Copy every record verbatim. Leave the pictures out.

___ Supplied records ___

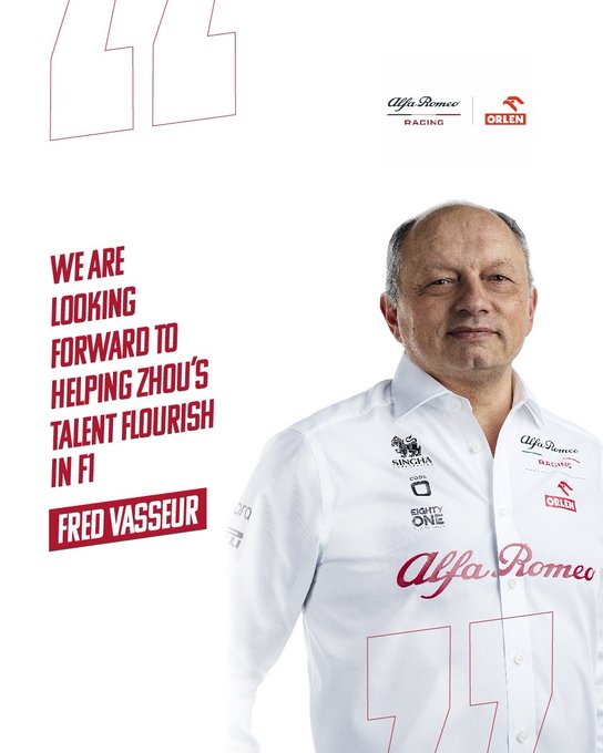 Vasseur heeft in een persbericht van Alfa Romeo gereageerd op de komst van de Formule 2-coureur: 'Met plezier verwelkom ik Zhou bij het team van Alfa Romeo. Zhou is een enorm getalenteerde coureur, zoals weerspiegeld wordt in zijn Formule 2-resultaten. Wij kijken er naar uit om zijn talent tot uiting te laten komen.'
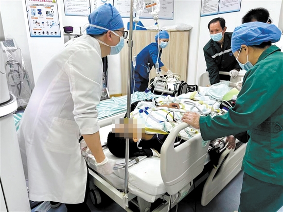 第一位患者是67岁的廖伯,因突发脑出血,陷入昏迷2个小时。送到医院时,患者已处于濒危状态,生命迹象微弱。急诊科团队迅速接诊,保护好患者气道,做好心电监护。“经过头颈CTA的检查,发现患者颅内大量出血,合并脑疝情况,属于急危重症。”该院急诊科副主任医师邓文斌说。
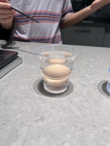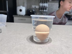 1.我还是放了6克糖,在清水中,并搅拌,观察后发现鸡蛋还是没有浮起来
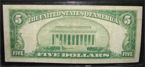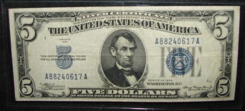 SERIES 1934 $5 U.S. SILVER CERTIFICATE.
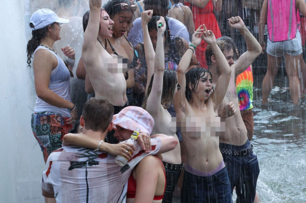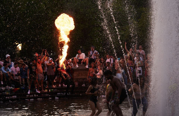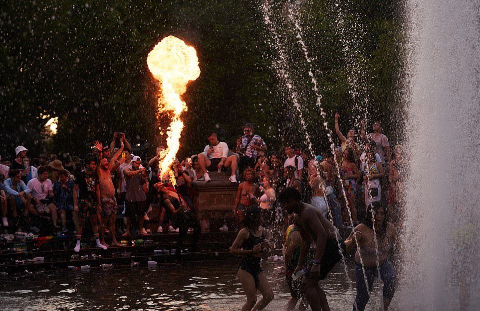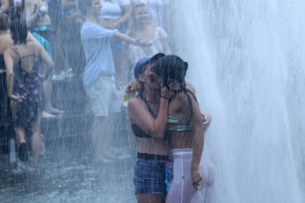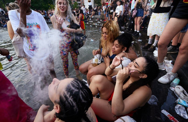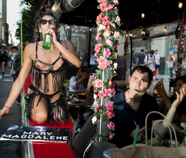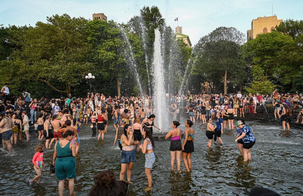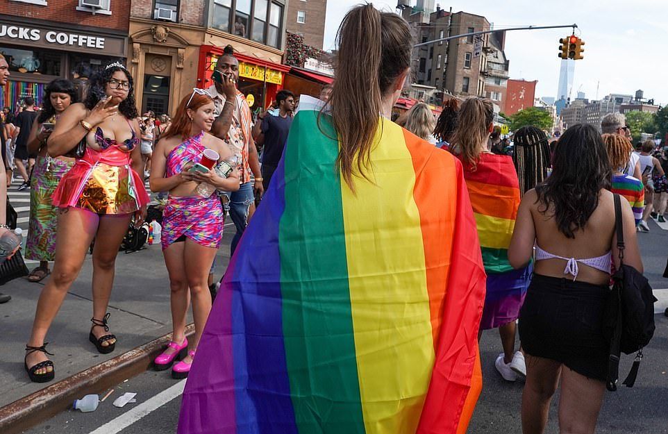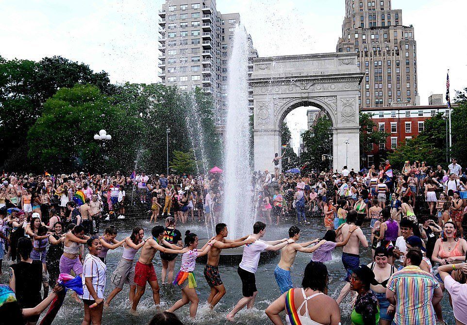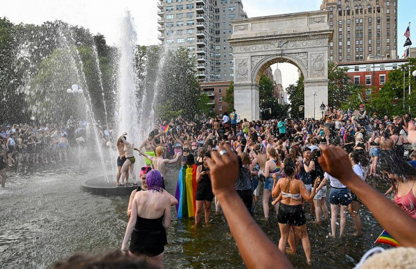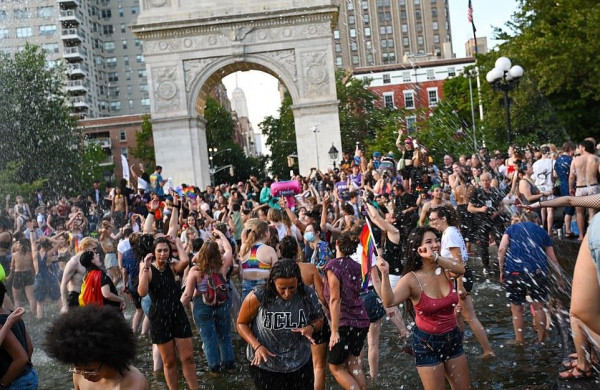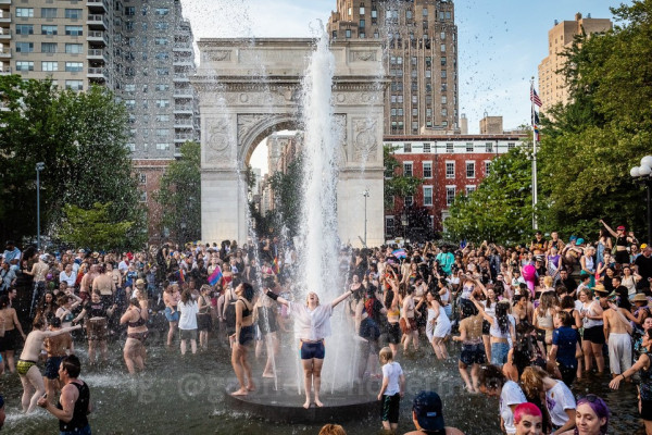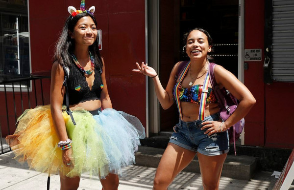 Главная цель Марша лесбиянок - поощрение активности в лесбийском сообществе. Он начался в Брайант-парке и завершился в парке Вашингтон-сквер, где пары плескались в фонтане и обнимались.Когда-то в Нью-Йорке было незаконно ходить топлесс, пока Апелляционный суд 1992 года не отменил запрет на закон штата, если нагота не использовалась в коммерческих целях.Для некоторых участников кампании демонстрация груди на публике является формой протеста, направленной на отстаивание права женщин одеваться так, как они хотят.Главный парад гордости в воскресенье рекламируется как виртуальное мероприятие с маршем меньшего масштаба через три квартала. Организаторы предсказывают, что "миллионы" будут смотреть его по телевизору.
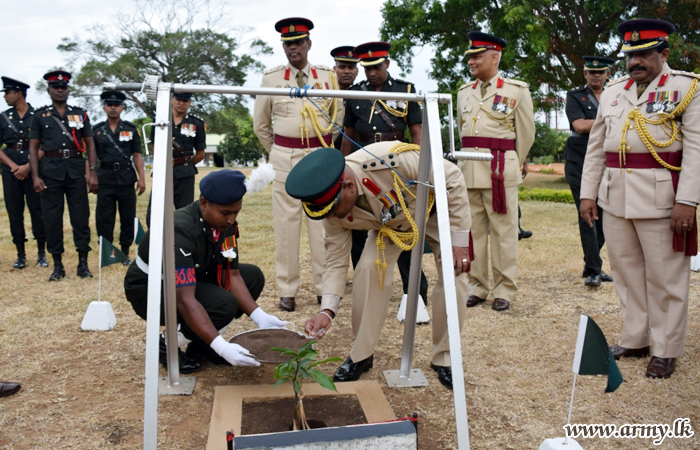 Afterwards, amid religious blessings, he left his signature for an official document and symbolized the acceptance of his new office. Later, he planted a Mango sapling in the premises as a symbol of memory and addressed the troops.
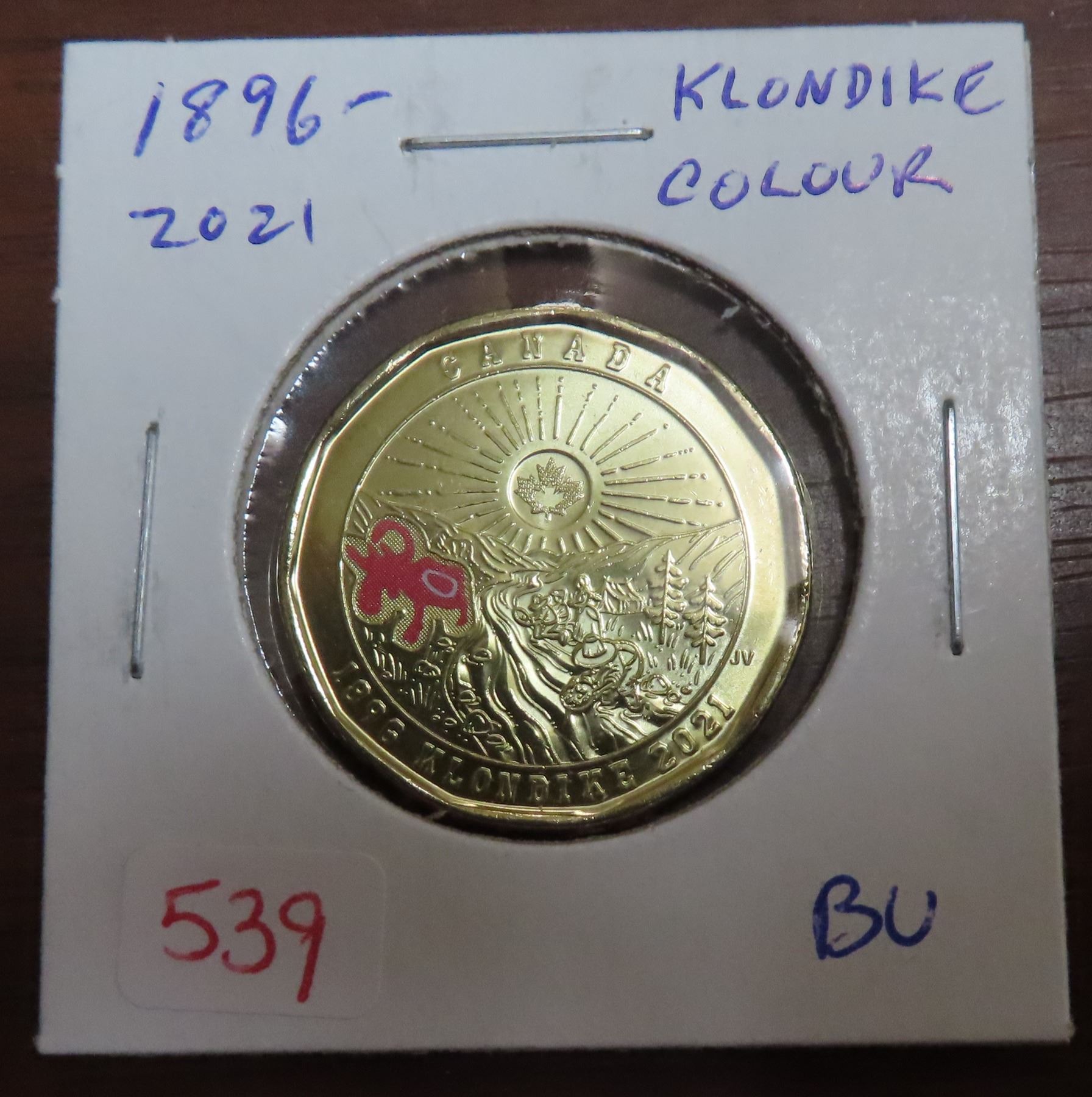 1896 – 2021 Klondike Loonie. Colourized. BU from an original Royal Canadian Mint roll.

___

Your response
 Vasseur heeft in een persbericht van Alfa Romeo gereageerd op de komst van de Formule 2-coureur: 'Met plezier verwelkom ik Zhou bij het team van Alfa Romeo. Zhou is een enorm getalenteerde coureur, zoals weerspiegeld wordt in zijn Formule 2-resultaten. Wij kijken er naar uit om zijn talent tot uiting te laten komen.'
 第一位患者是67岁的廖伯,因突发脑出血,陷入昏迷2个小时。送到医院时,患者已处于濒危状态,生命迹象微弱。急诊科团队迅速接诊,保护好患者气道,做好心电监护。“经过头颈CTA的检查,发现患者颅内大量出血,合并脑疝情况,属于急危重症。”该院急诊科副主任医师邓文斌说。
 1.我还是放了6克糖,在清水中,并搅拌,观察后发现鸡蛋还是没有浮起来
 SERIES 1934 $5 U.S. SILVER CERTIFICATE.
 Главная цель Марша лесбиянок - поощрение активности в лесбийском сообществе. Он начался в Брайант-парке и завершился в парке Вашингтон-сквер, где пары плескались в фонтане и обнимались.Когда-то в Нью-Йорке было незаконно ходить топлесс, пока Апелляционный суд 1992 года не отменил запрет на закон штата, если нагота не использовалась в коммерческих целях.Для некоторых участников кампании демонстрация груди на публике является формой протеста, направленной на отстаивание права женщин одеваться так, как они хотят.Главный парад гордости в воскресенье рекламируется как виртуальное мероприятие с маршем меньшего масштаба через три квартала. Организаторы предсказывают, что "миллионы" будут смотреть его по телевизору.
 Afterwards, amid religious blessings, he left his signature for an official document and symbolized the acceptance of his new office. Later, he planted a Mango sapling in the premises as a symbol of memory and addressed the troops.
 1896 – 2021 Klondike Loonie. Colourized. BU from an original Royal Canadian Mint roll.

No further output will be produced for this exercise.